Facsimile technology - 1948 wartime

 

After the War, a decision by the Federal Communications Commission “froze” TV licenses and building permits while the FCC was able to establish by practical test just how many miles had to separate stations broadcasting on the same channel. This meant incumbent stations that opened in the interim with pre-'49 permits enjoyed virtual, and sometimes actual monopolies in their local TV markets. As any capitalist worth his or her salt knows, a monopoly means you charge more—a lot more. In cities like Detroit, Houston and Fort Worth, having the first station to achieve dominance generally meant keeping it well into the later Fifties, when real competition was entering the scene almost everywhere.

Suppose you're not Houston. You're not Pittsburgh. You're not even Salt Lake City or El Paso in terms of population, and therefore, advertising revenue. Let's look at the market realities of being present at the creation of a new medium, 65–70 years ago, of American TV as the country gradually extended TV inland from the coasts.

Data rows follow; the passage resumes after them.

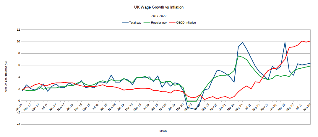 In actual real terms, the negative wage growth is far worse, as the differential between the percentage year-on-year increase in total pay and the inflation rate per the OECD has exceeded 3% since April, and in some months has exceeded 4%,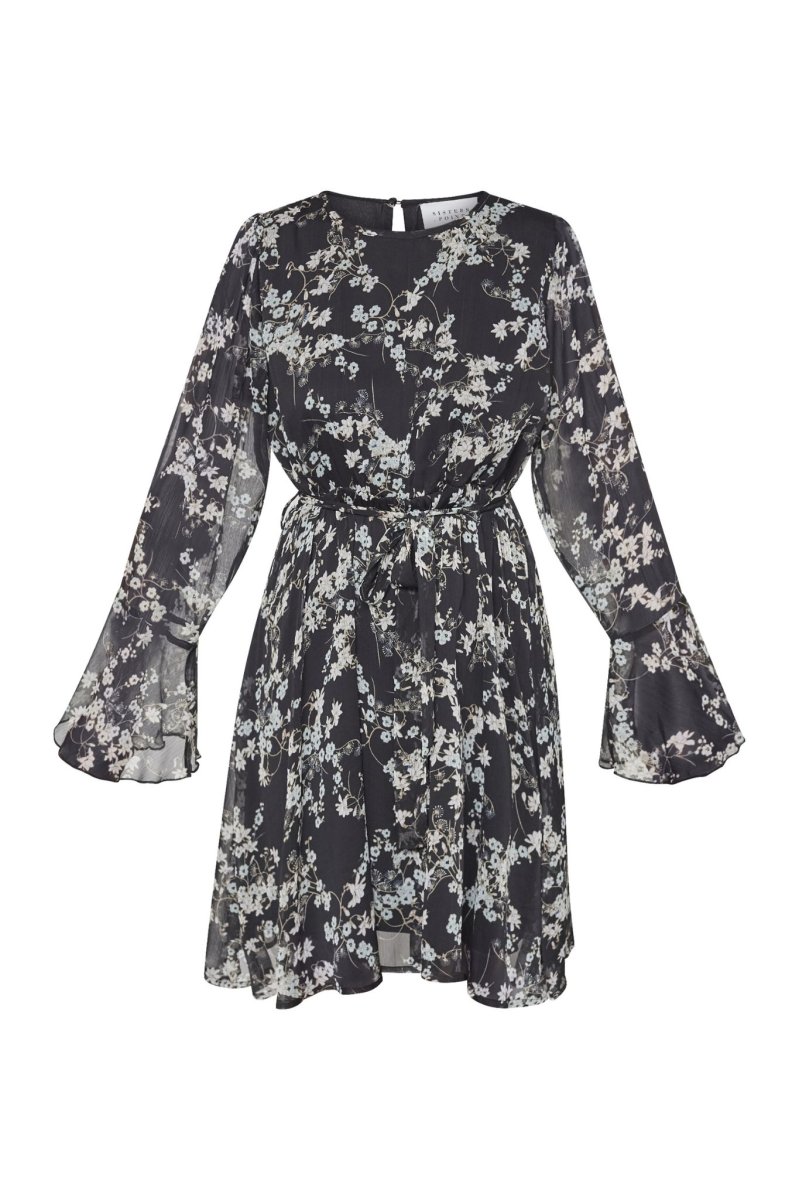 En knälång klänning med ett mönster av små blommor. Klänningen har långa ärmar som är transparenta och avslutas med en volangkant.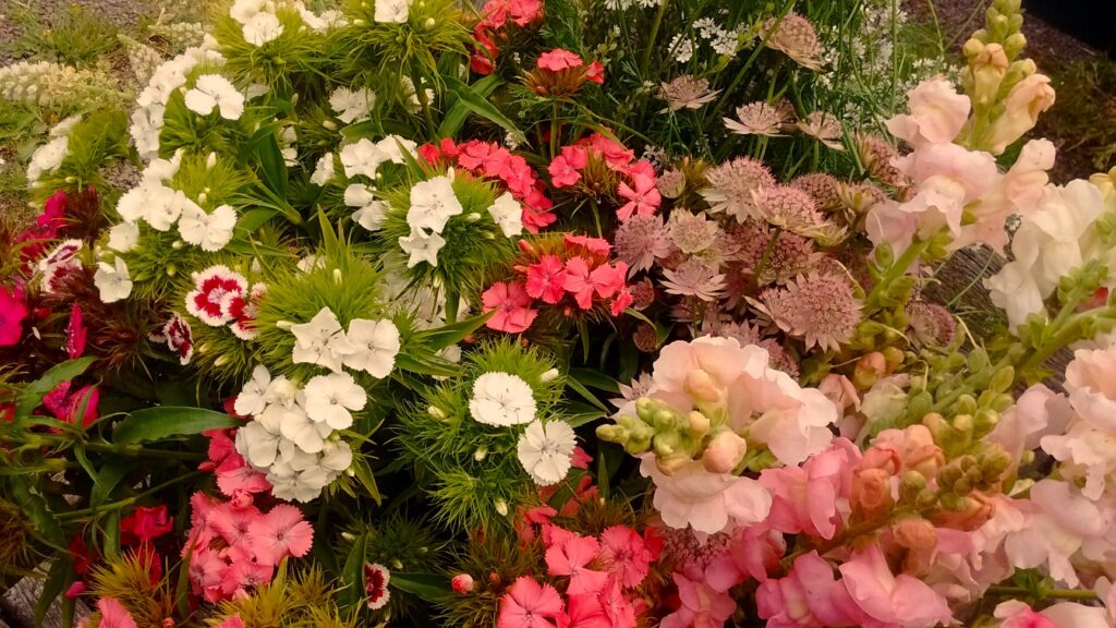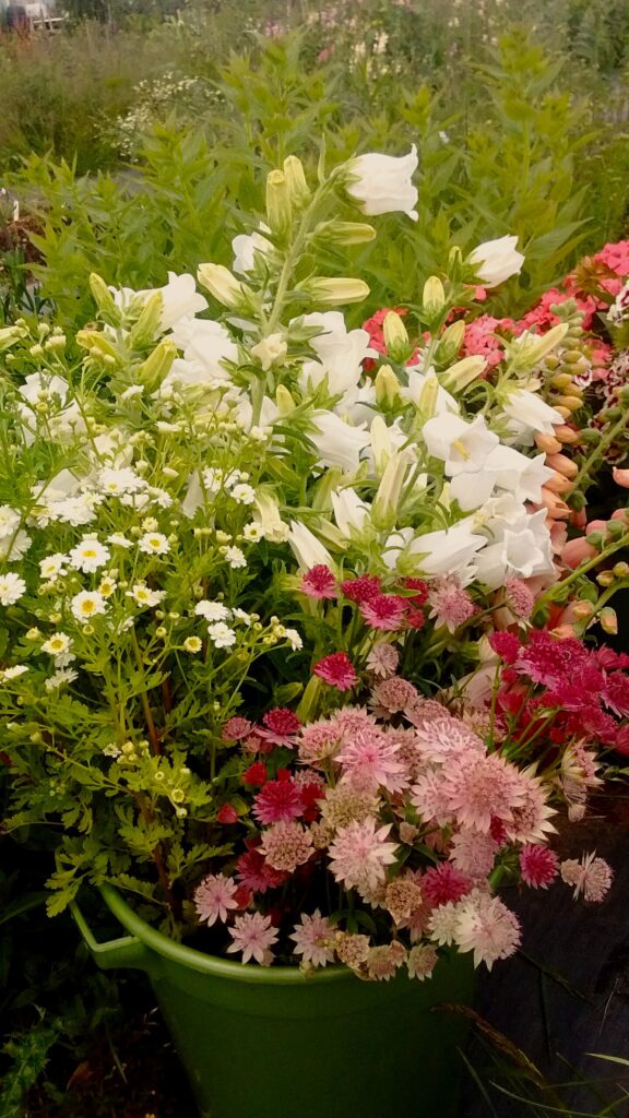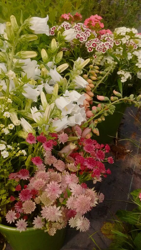 Well June ’25 was especially bountiful and beautiful ! I harvested 100’s of Stems of wonderful Sweet Williams earlier in the month , these were definitely one of my huge successes for this year , since growing from seed last Summer ! They shone , along with Antirrhinums and Astrantias , all in such yummy , fresh-berry tones.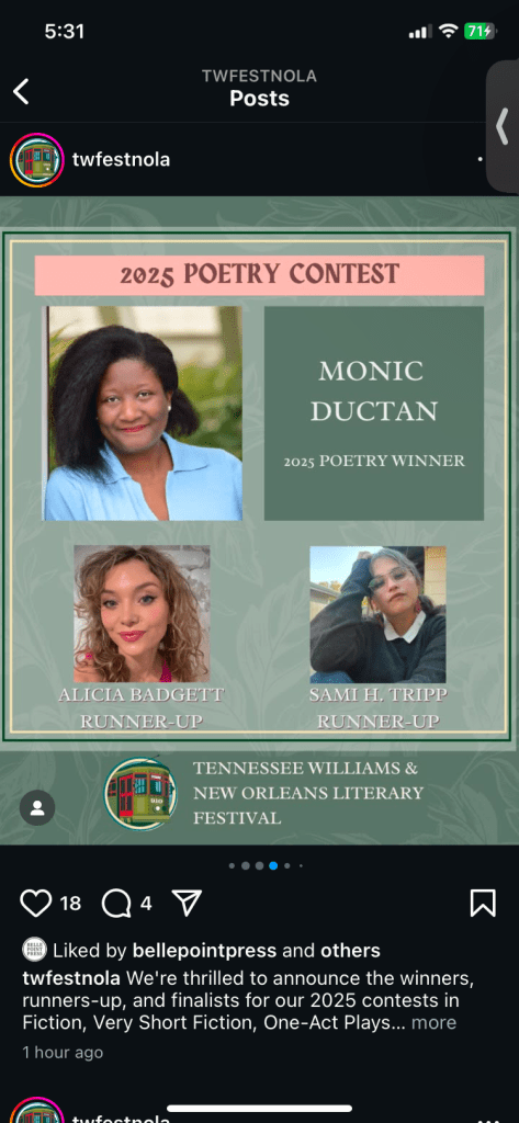 Y’all, I’m the proud winner of the Tennessee Williams/New Orleans Literary Festival Contest in the poetry category. The prize is $1,000 and it’s the most I’ve ever received for a single poem. I’m also invited to read at the festival on March 30th. Congrats to all finalists, and thanks to the judges and the festival committee. Yay! 🍾🎉🎈🎊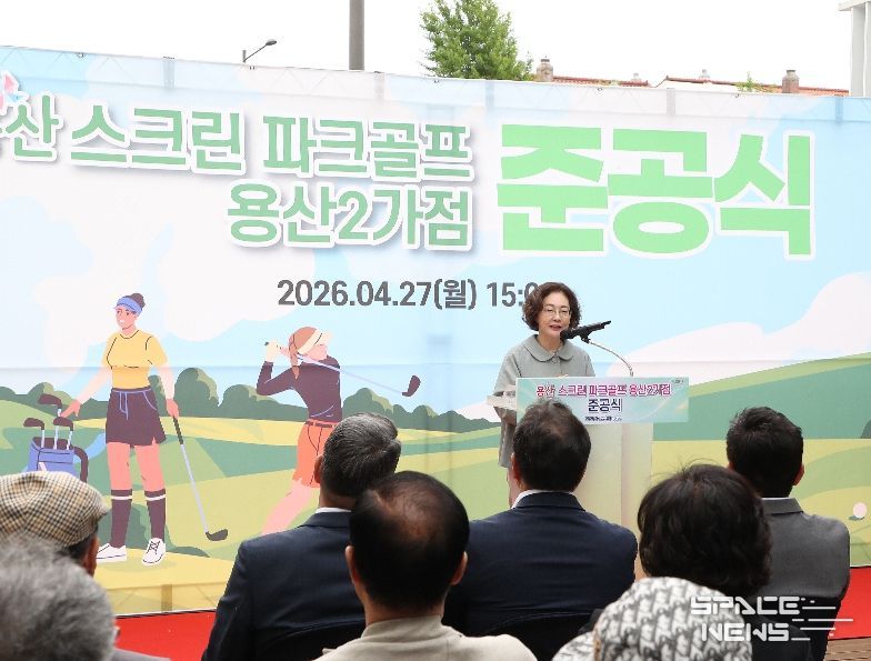 스페이스뉴스 스페이스뉴스 기자 | 서울 용산구는 27일 ‘용산 스크린 파크골프 용산2가점’ 준공 기념행사를 열었다고 밝혔다. 이날 행사는 축사, 테이프 절단식, 시타 순으로 진행됐다.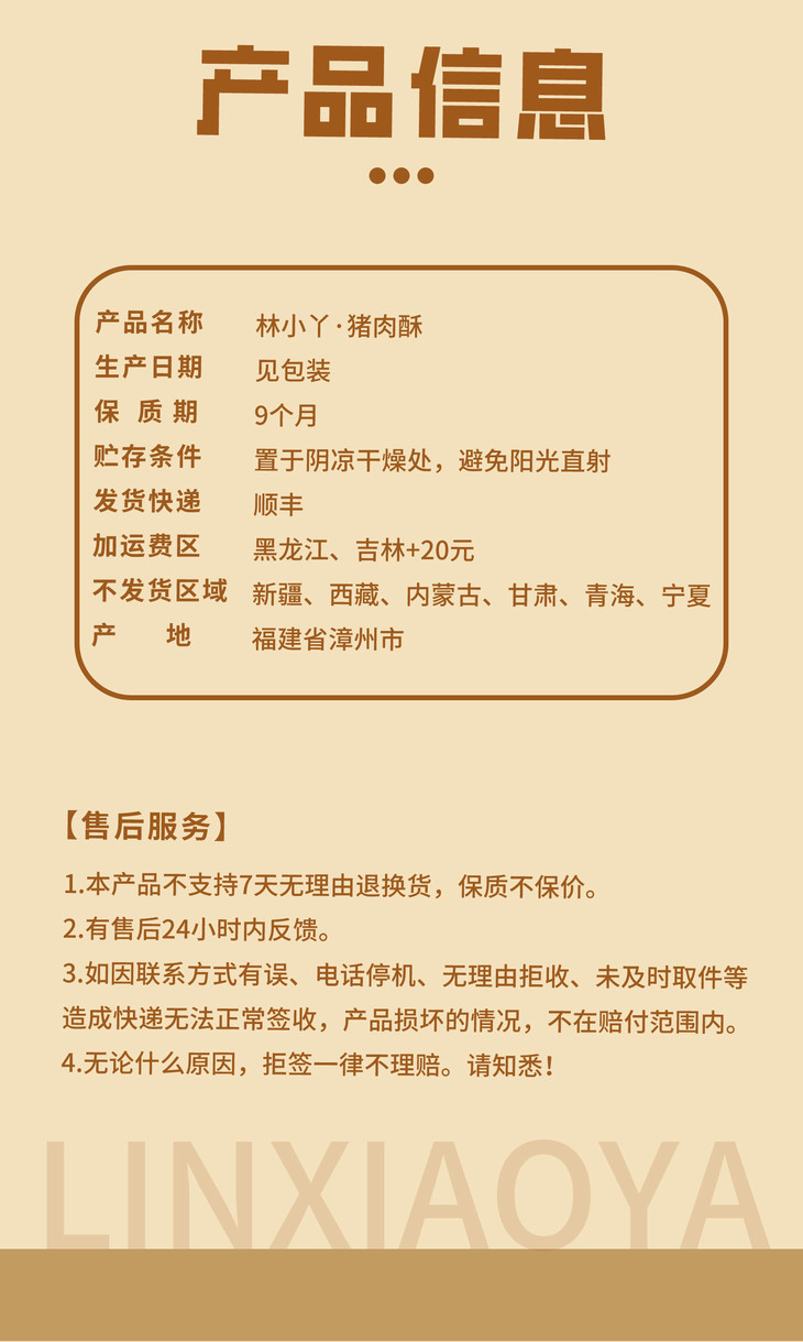 ②因生鲜产品具有特殊性和相关规定,下单时请一定认真确认收件信息,食品类不支持7天无理由退货换货,因客户原因导致转寄、延派、误派、擅自拒收、退货,口感问题等不在理赔范围。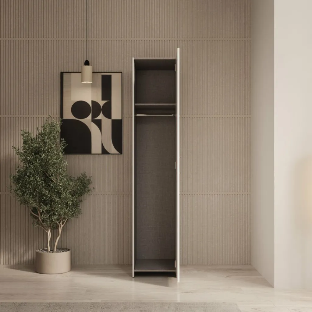 De kledingkast is gemaakt van spaanplaat en staat op lage pootjes. Door het slanke formaat is Elario goed te plaatsen in smalle kamers, logeerkamers of gangen waar je toch een volwaardige opbergoplossing nodig hebt.
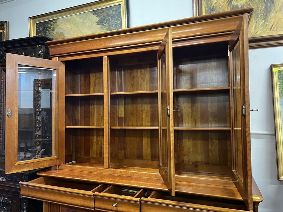 Верхняя часть со стеклянными дверцами и нижняя часть с ящиками и полками с дверцами.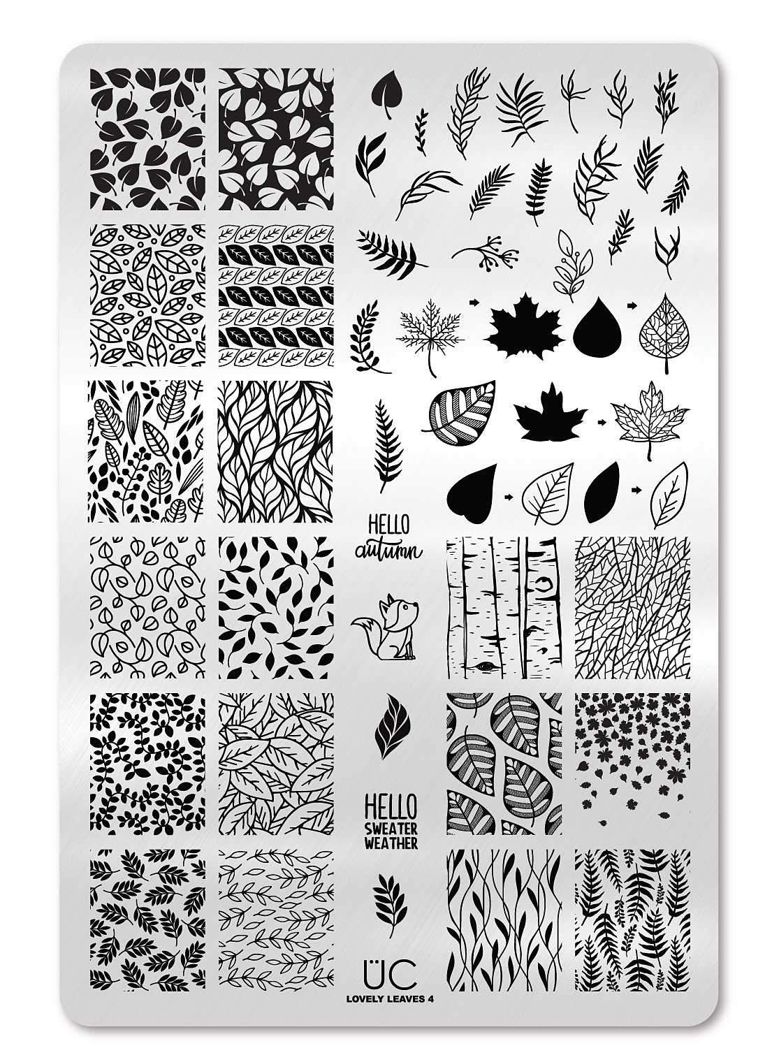 We started the Leaves plates a few years back and have watched the trend grow and grow. Now we've crafted the perfect addition to our Lovely Leaves family with our 4th plate! This one even features a little fox and some fun sayings like "Hello Autumn" and "Hello Sweater Weather". Get cozy, seasonal nails just in time for fall with our NEW plate that even includes some layerable leaves too!
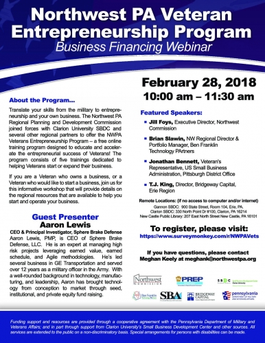 | Northwest PA Veteran Entrepreneurship Program Business Financing Webinar |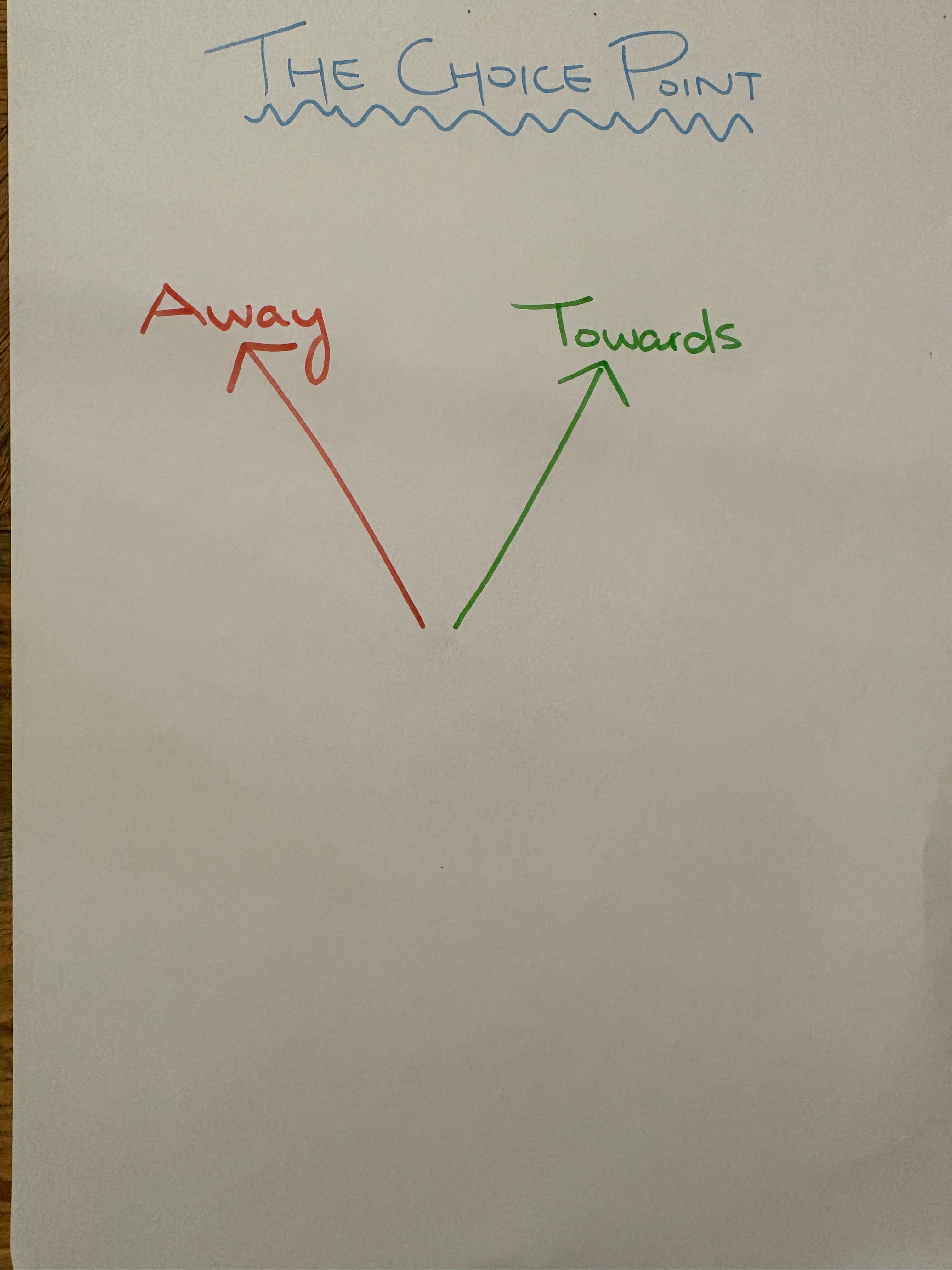 Getting clear on your values is also one of the best buffers against self-doubt and the tyranny of our thoughts. This can be illustrated through one of my favourite exercises in acceptance and commitment therapy, called the choice point.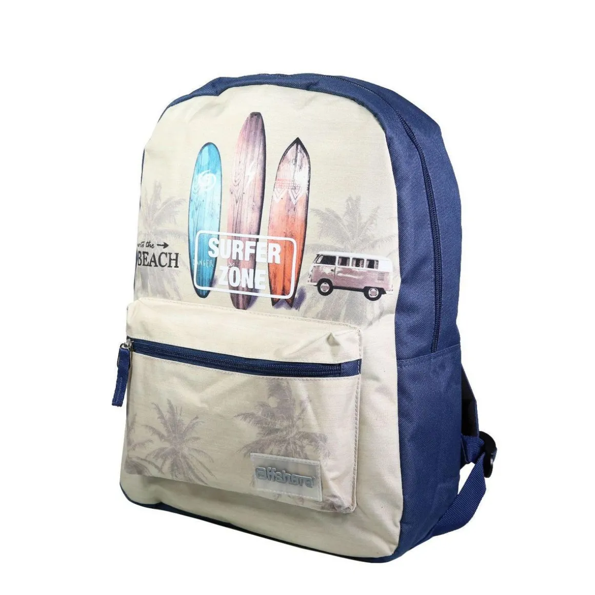 Ce sac à dos multifonction conviendra parfaitement aux altes de primaire et de collège. Celui-ci pourra également être utilisé en sac de loisirs ou sac de sport. Ce sac à dos Offshore 41 cm beige en polyester garantit une solidité absolue grâce à sa matière robuste et durable. Il mesure 29 cm de long, 13 cm de large et 40 cm de haut, pour un poids de 350 grammes. Ergonomique, ce produit dispose d’un compartiment zippé ainsi que d’une poche avant zippée. Un joli sac c’est bien, un joli sac confortable c’est mieux ! C’est pourquoi nous avons équipé ce produit de bretelles et d’un dos matelassés. Les bretelles sont également ajustables à la taille de son porteur. Il y a comme un air de vacances par ici ! Ce sac à dos beige Offshore garanti 2 ans ravira les rois de la glisse avec ses planches de surf et ses superbes palmiers.

Let's say you're Longview, TX, or Casper, WY, or Binghamton, NY. Because of distance, or local topography, you're a little outside of the clear signal of any yet-established bigger city station, so you've got a shot at dominating a regional advertising market. How do we know what the clear signal area is? Well paid engineering consultants determine by experiment, because it's a function of the power of the transmitter, the height of the antenna above sea level, and strangely enough, mysterious factors of ground conductivity. That gives you your map for advertisers. The dollar size of that market, not the innate interest of the locals in television, determined where stations would be built and where they would survive. By then, radio advertising had long divided the country into sales zones, each with a known economic level and population. There was only so much advertising that could be sold to such a market, TV, radio, and newspapers. That's a major reason why stations that survived the early days were often owned by radio stations and newspapers.

So, you've listened to RCA's General David Sarnoff, made your bet on video, and you're ready to take the financial plunge. Bravo! But be ready for the bottom line facts: TV stations cost about ten times as much as radio stations, cost ten times as much to keep operating, and in the Forties still only generate about five to seven times the advertising revenue of radio. In other words, an early TV license is a license to slowly lose money. But if you did it carefully enough, you and your station survived into a time when those ad revenues would double, triple, and then leap into the clouds—twenty, thirty times what seemed possible back in Harry Truman's day.

How little did it take? RCA and its main competitors, General Electric and Du Mont Laboratories, offered a basic package for $100,000 (equivalent to $1.2 million in today's dollars) for a 5 kilowatt transmitter, a minimal control room, and a telecine multiplexer, not much more than a classroom-quality 16mm film projector and a slide projector beaming into a specialized pickup tube. You sited it by looking at that bullseye radio wave coverage map and compromising an ideal antenna location with nearby road access and the local electric power company's willingness to run a high wattage, potentially high profit line to the middle of nowhere. The power company was often also a contractor on building an antenna mast.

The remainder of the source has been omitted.